- [PROBLEM DESCRIPTION]
Copy exactly the lines of the data below, beginning with the line with "7月22日,在委内瑞拉首都加" and ending with the line with "It’s easy to". Pictures are to be omitted.

- [DATASET EXTRACT]
▬▬▬▬▬▬

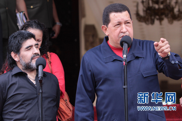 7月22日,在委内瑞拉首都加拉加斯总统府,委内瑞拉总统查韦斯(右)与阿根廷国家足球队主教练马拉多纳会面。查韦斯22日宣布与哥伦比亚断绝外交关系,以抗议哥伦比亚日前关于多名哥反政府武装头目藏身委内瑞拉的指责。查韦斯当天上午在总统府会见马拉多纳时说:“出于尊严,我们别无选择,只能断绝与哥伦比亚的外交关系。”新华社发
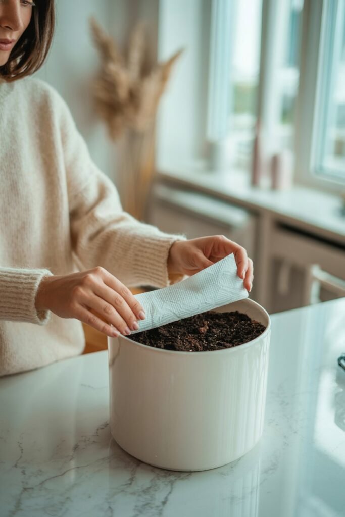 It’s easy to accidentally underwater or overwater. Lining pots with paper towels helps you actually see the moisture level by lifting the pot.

▬▬▬▬▬▬

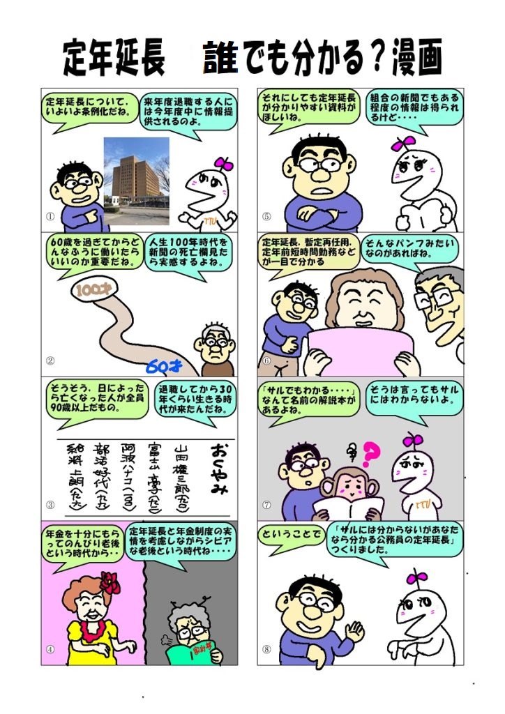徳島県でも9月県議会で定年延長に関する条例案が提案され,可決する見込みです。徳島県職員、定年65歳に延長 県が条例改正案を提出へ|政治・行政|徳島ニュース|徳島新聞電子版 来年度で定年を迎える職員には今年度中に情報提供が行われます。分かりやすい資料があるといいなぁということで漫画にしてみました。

▬▬▬▬▬▬

- [SOLUTION]
 7月22日,在委内瑞拉首都加拉加斯总统府,委内瑞拉总统查韦斯(右)与阿根廷国家足球队主教练马拉多纳会面。查韦斯22日宣布与哥伦比亚断绝外交关系,以抗议哥伦比亚日前关于多名哥反政府武装头目藏身委内瑞拉的指责。查韦斯当天上午在总统府会见马拉多纳时说:“出于尊严,我们别无选择,只能断绝与哥伦比亚的外交关系。”新华社发
 It’s easy to accidentally underwater or overwater. Lining pots with paper towels helps you actually see the moisture level by lifting the pot.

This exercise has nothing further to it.